This study has been transitioned to CTIS with ID 2023-509405-77-00 check the CTIS register for the current data. The purpose of this Safety Lead In study is to explore if encorafenib and cetuximab in combination with a chemotherapy regimen (either…
ID
Source
Brief title
Condition
- Gastrointestinal neoplasms malignant and unspecified
Synonym
Research involving
Sponsors and support
Intervention
Outcome measures
Primary outcome
Primary Objectives Safety Lead-In:
- To determine the safety and tolerability of EC + mFOLFOX6 and EC + FOLFIRI
Primary Objectives Phase 3:
- To compare the efficacy of EC + mFOLFOX6 (Arm B) vs SOC (Control Arm [Arm C])
as measured by PFS and by ORR
Primary Objectives Cohort 3:
- To compare the efficacy of EC + FOLFIRI (Arm D) vs FOLFIRI with or without
bevacizumab (Control Arm [Arm E]) as measured by ORR
Secondary outcome
Secondary Objectives Safety Lead-In:
- Assess the overall safety and tolerability of EC + mFOLFOX6 and EC + FOLFIRI
- Estimate the efficacy of EC + mFOLFOX6 and EC + FOLFIRI
- Estimate the efficacy of EC + mFOLFOX6 and EC + FOLFIRI
- Characterize the PK of encorafenib, irinotecan, oxaliplatin and relevant
metabolite
- Assess drug-drug interaction of encorafenib with irinotecan or oxaliplatin
Secondary Objectives Phase 3:
- Further compare the efficacy of Arm B vs the Control Arm as measured by OS
- Further evaluate efficacy of Arm B vs the Control Arm as measured by ORR,
DOR, PFS, PFS2 and TTR
- Evaluate efficacy of EC (Arm A) vs the Control Arm as measured by ORR, DOR,
PFS, PFS2 TTR, and OS
- Evaluate efficacy of Arm A vs Arm B as measured by OS, PFS, PFS2, ORR, DOR
and TTR
- Determine the safety and tolerability of EC
- Determine the safety and tolerability of EC + mFOLFOX6
Secondary Objectives Cohort 3:
- Further compare the efficacy of Arm D vs Arm E as measured by PFS
Background summary
Encorafenib and cetuximab in combination have been approved by health
authorities (e.g. the US FDA) for the treatment of adult patients with
metastatic colorectal cancer with a BRAF V600E mutation, after prior
treatments, but not for patients who have received no prior treatments.
Chemotherapy with mFOLFOX6 and FOLFIRI is a standard treatment for metastatic
colorectal cancer.
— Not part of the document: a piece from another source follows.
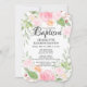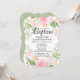 Schöne Taufe Einladung für ein Mädchen. Die rosa Aquarellfarben vermischen sich mit verschiedenen grünen Blätter, um eine Blumenausstellung zu schaffen, die die Einladung abkaskadiert. Die Taufe ist in einem großen Skript-Schriftart geschrieben. Der Rest des Vorlagentextes wird in einem einfachen und sauberen Schriftart geschrieben. Sehr einfach zu anpassen. Die Rückseite der Taufeinladung ist Salbei grün mit einem sehr subtilen Blatt Muster.

By giving encorafenib and cetuximab with mFOLFOX6 or
FOLFIRI, researchers want to see if the study drugs work better as a
combination. Your study doctor or study team will let you know which
combination you will receive.
Study objective
This study has been transitioned to CTIS with ID 2023-509405-77-00 check the CTIS register for the current data.
The purpose of this Safety Lead In study is to explore if encorafenib and
cetuximab in combination with a chemotherapy regimen (either mFOLFOX6 or
FOLFIRI) are safe and have beneficial effects on you and your colorectal
cancer. This is a small preliminary study to identify the most tolerable
combination before the main study. Your study doctor will let you know what
combination you are assigned to if you are eligible for this study.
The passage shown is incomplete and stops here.